How to formally prove that $\Bbb Q[i]$ is not isomorphic to any subring of $\Bbb R$? I am trying to prove that $\Bbb Q[i]$ is not isomorphic to any subring of $\Bbb R$. We know that the ring $\Bbb Q[i]$ is actually a field. So if it is isomorphic to some subring of $\Bbb R$, $\Bbb R$ then becomes an extension of $\Bbb Q[i].$ So do we just prove that there is no ring homomorphism from $\Bbb Q[i]$ to $\Bbb R$?
 A: Suppose for the sake of contradiction that $\mathbb{Q}[i]$ is isomorphic to a subring of $\mathbb{R}$, and call the isomorphism from the former to the latter, $\varphi$.

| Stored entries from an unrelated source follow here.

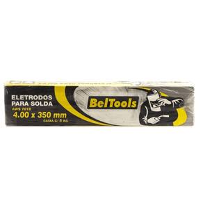 Eletrodo AWS7018 4,00 x 350mm 5kg BeltoolsPossui alto rendimento na deposição e resistência a fadiga.Indicação:Indicado para os mais variados tipos de aplicações em todos os tipos de juntas e em todas as posições. Proporciona soldagem com baixo nível de respingos e cordões com excelente acabamento. Utilizado em estruturas metálicas e ponteamentos em geral. Os eletrodos, de um modo geral, não devem ficar armazenados diretamente no chão ou expostos à umidade. Para um mínimo de conservação, devem ser armazenados em cima de madeiras ou em prateleiras. No momento do uso, é muito importante a utilização de estufas (cochicho).Diâmetro: 4,00mm.Posições de soldagem: Plana, horizontal, vertical ascendente, vertical descendente, sobre-cabeça e angular.Faixa de corrente: 140 A - 195 A.Tensão: 20 V a 30 V.Tipo de revestimento: Básico.Código: 62014Marca: Beltools
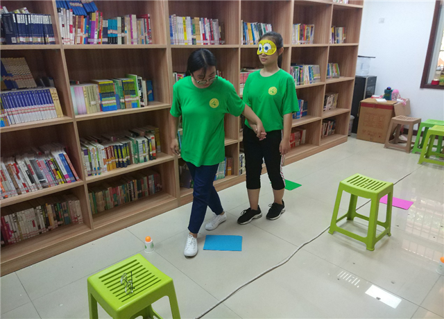 热身活动“松鼠与松树”游戏的口令一下,小朋友迅速跑动起来寻找接下来自己的位置,欢快的氛围把小朋友们从刚来的不适中带到了游戏中,带起了全场的气氛。随后进行的“生命线”游戏让小朋友们在不说话的情况下按年龄大小排队,活动起来的小朋友们想说话又努力忍着不说话的样子让志愿者们忍俊不禁。志愿者纷纷表示小朋友的天真烂漫带给他们了许多欢乐。短暂的休息后,志愿者们向小朋友们介绍了游戏“盲行”的规则,在志愿者的引导下,小朋友们一起体验了做盲人的感觉,在他人的指导下跨越重重障碍。最后一个游戏抢凳子的活动将活动室内的气氛推向了高潮,小朋友们跑着、跳着、笑着、闹着,活动室内欢乐不断,笑声连连,活动整体进展十分顺利。
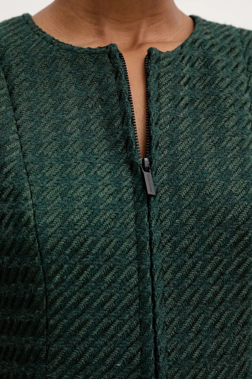 - Wygodne zapięcie na suwak ułatwia zakładanie i zdejmowanie. - Dodatkowa warstwa materiału w postaci podszewki. - Z przodu dwie wsuwane kieszenie, które ułatwiają bezpieczne przechowywanie drobiazgów. - Długość: 67 cm. - Szerokość pod pachami: 40 cm. - Wymiary podane dla rozmiaru: 36.
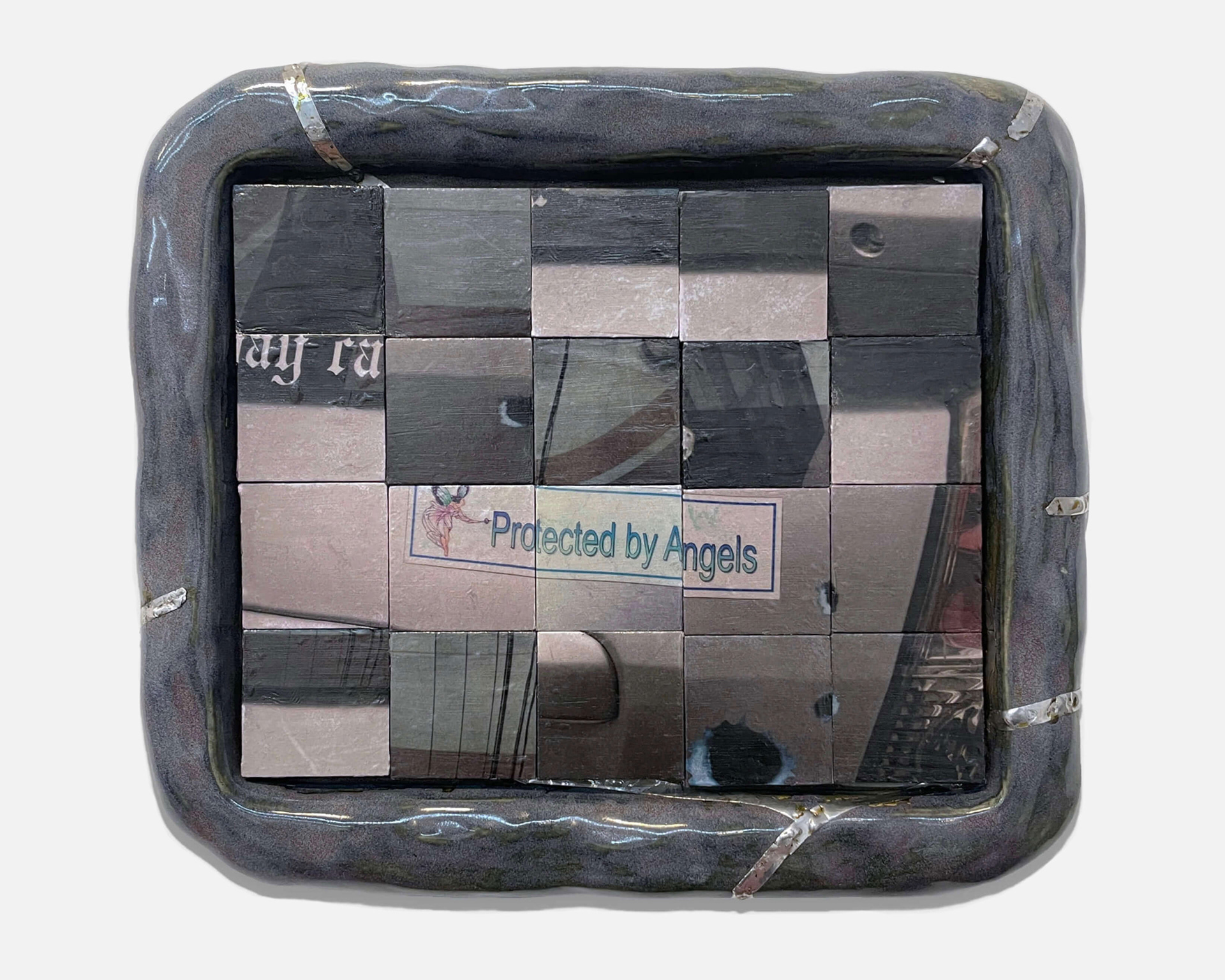 Gel photo transfer on ceramic tile, glazed stoneware, found pearls and gems
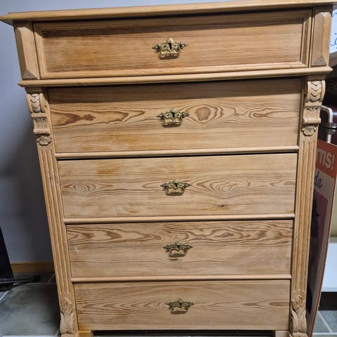 Träskåp i furu med två dörrar och två lådor. Skåpet har hyllplan inuti för förvaring. Materialet är trä med naturliga knutar och en varm träfärg. Passar för allmän förvaring i hemmet. Trasig list på framsidan, se foto.
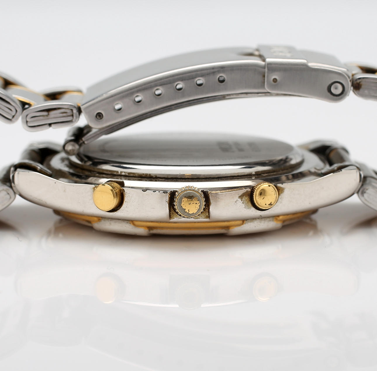 Quartz. Dark dial with date window. Bracelet with folding clasp. Diameter approx. 40 mm.
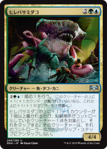 3マナで+1/+1カウンターを置いて順応を誘発させることができる。《ヒレバサミダコ/Sharktocrab》と組むと強力。普通に飛行クリーチャーを強化しても強い。
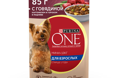 Влажный корм Purina ONE Мини Взрослая для собак мелких пород старше 1 года, с говядиной, картофелем и горохом в подливе 85 г доставка
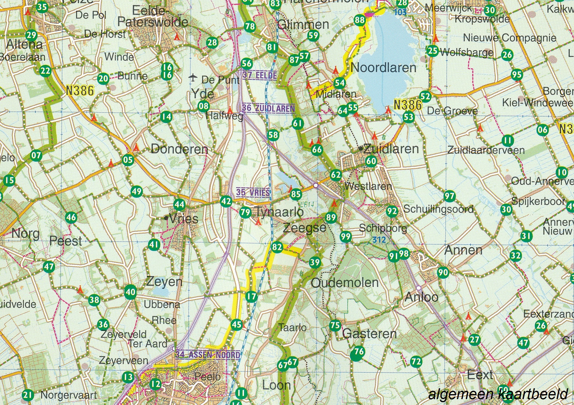 Gedetailleerde fietskaart, gedrukt op scheurvast en watervast materiaal. Intekening van alle fietsknooppunten met verbindingen en LF-routes.
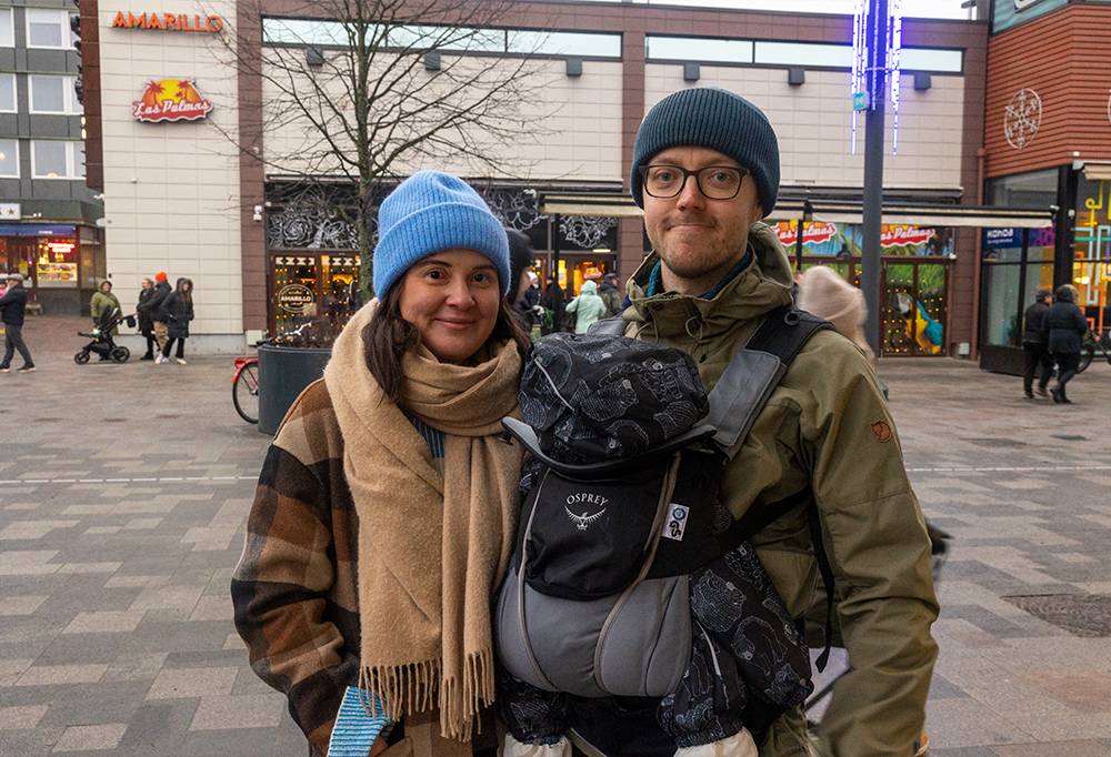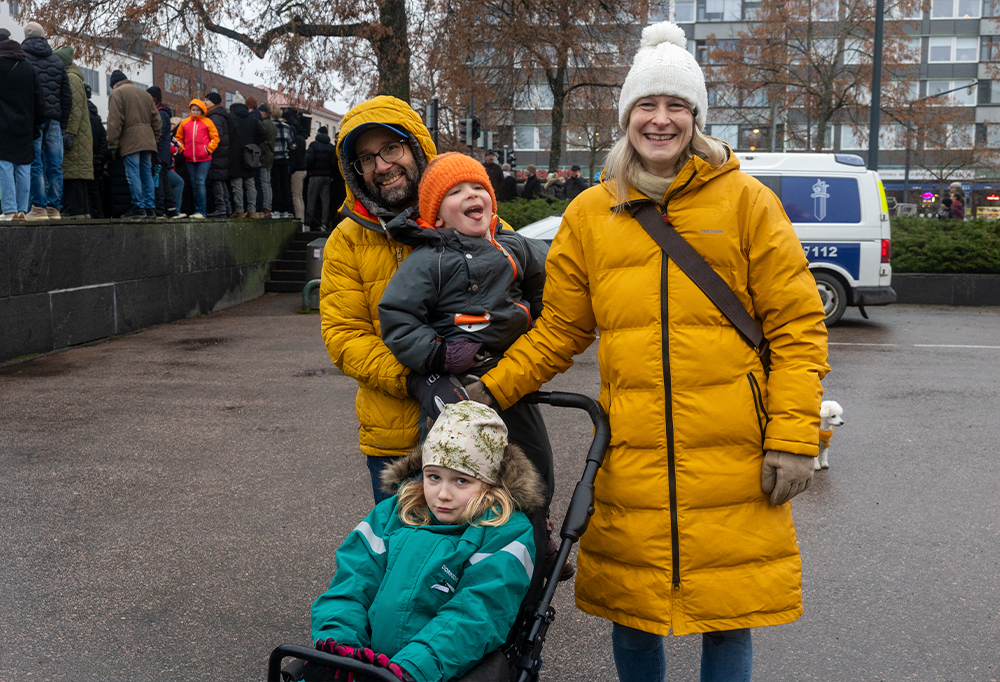 Iitiläiset Laura Sartamo ja Kanadasta kotoisin oleva Simon Garlough olivat saapuneet Elsi- ja Linus-lastensa kanssa seuraamaan paraatin ohimarssia.
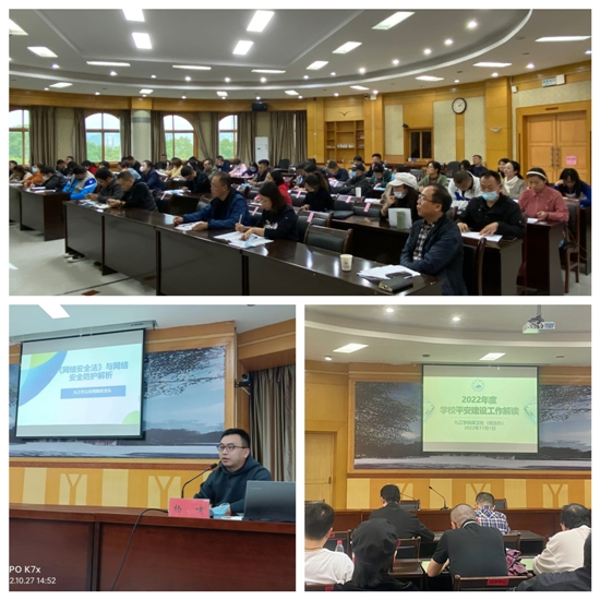 本次培训采取专家授课、实操训练、业务辅导、座谈研讨、理论测试相结合的方式进行,先后邀请九江市公安局网安支队大队长杨啸、九江市红十字会应急救护培训中心教学部主任李林以及校保卫处综治科负责人分别以“《网络安全法》与网络安全防护解析”“应急救护知识和技能”“学校平安建设工作解读”进行了专题辅导授课。
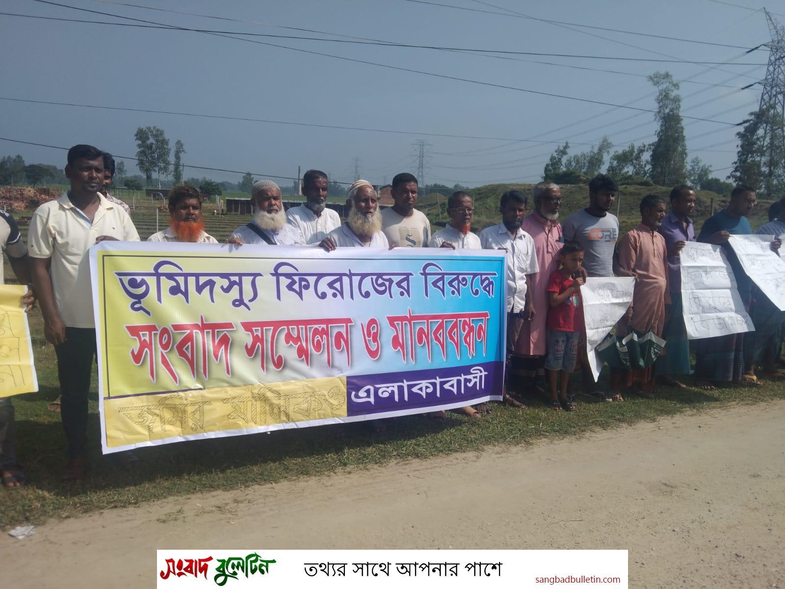 কৃষক লুৎফর রহমান অভিযোগ করে বলেন, তিনিসহ পনের জন কৃষকের তিন একর আঠাশ শতক জমি এবার ইট-ভাটায় লিজ দিতে অস্বীকৃতি জানিয়েছেন। সেইসঙ্গে জমির দখল ছেড়ে দিতে বলা হয়েছে তাকে। কিন্তু জোরপূর্বক দখলে রাখতে মরিয়া হয়ে উঠেছেন ভূমিদস্যু ফিরোজ আলী ও তার ভাড়াটে লোকজন। এমনকি বিগত ০৫ সেপ্টেম্বর জমির প্রকত মালিক কৃষকরা তাদের জমির দখল চাইলে তাদের প্রাণনাশের হুমকি-ধামকি দেওয়া হয়েছে। এমন পরিস্থিতিতে ভুক্তভোগীরা চরম নিরাপত্তাহীনতার মধ্যে দিনাতিপাত করছেন। মানববন্ধনে ওই ভূমিদস্যুর কবল থেকে নিজের ভিটে-মাটি রক্ষায় সরকারের সংশ্লিষ্টদের প্রতি জোর দাবি জানান তিনি। তবে এসব বিষয়টি সম্পর্কে বক্তব্য জানতে চাইলে অভিযুক্ত ফিরোজ আলী নিজেকে নির্দোষ দাবি করেন। সেইসঙ্গে এসব অপপ্রচারে বিভ্রান্ত না হওয়ার জন্য সাংবাদিকদের প্রতি অনুরোধ করেন।
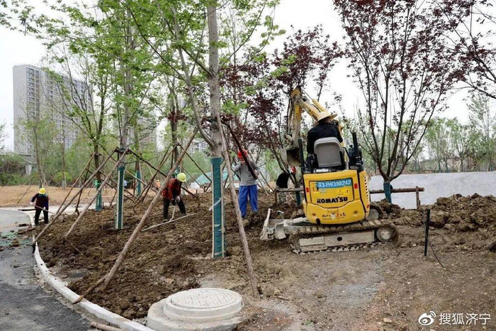 在济宁高新区幸福河东侧,幸福河公园紧张施工中,工人们正在对地面进行铺装和绿化种植,部分树木已经移植完毕,亲水平台也初具规模。建成后不仅能满足周边居民休闲健身的需求,同时还能拓展城市绿色空间,带动蓼河新城人气,提升城市功能品质。
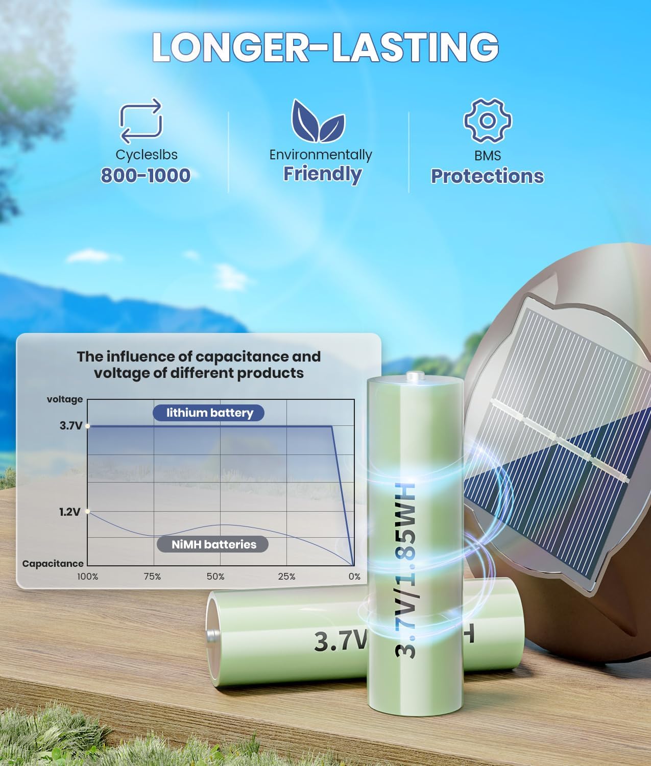 - Ultra Long Lasting Battery: Unlike ordinary ni-mh batteries, we use more reliable and larger capacity Lithium-ion battery. The solar panels convert sunlight into electricity and store it in the battery during the day, and the solar lights automatically illuminate at night. NEWMESSI upgraded solar landscape lights only need to be exposed to sunlight for 6-8 hours to provide up to 12-16 hours of bright lighting time.

Consider $\varphi(i^2 + 1) = \varphi(i^2) + \varphi(1) = [\varphi(i)]^2 + 1$, where the first equality follows because homomorphisms respect addition, and the second follows because homomorphisms respect multiplication (and because $1$ is mapped to $1$, an exercise I presume you have seen or completed).
And so now we have $[\varphi(i)]^2 + 1 \in \mathbb{R}$.
But we can evaluate the earlier expression in a different way: $\varphi(i^2 + 1) = \varphi(0) = 0$, where the first equality follows because $i^2 + 1 = 0$, and the second equality follows because $0$ is mapped to $0$ (again, an exercise I presume you have seen or completed).
Put together, we have: $[\varphi(i)]^2 + 1 = 0$, for some real number $\varphi(i)$. But this is problematic, since it would mean we could square the real number $\varphi(i)$ and get $-1$. Contradiction, since no real number can be squared to yield $-1$. So our supposition was wrong, and no such isomorphism exists.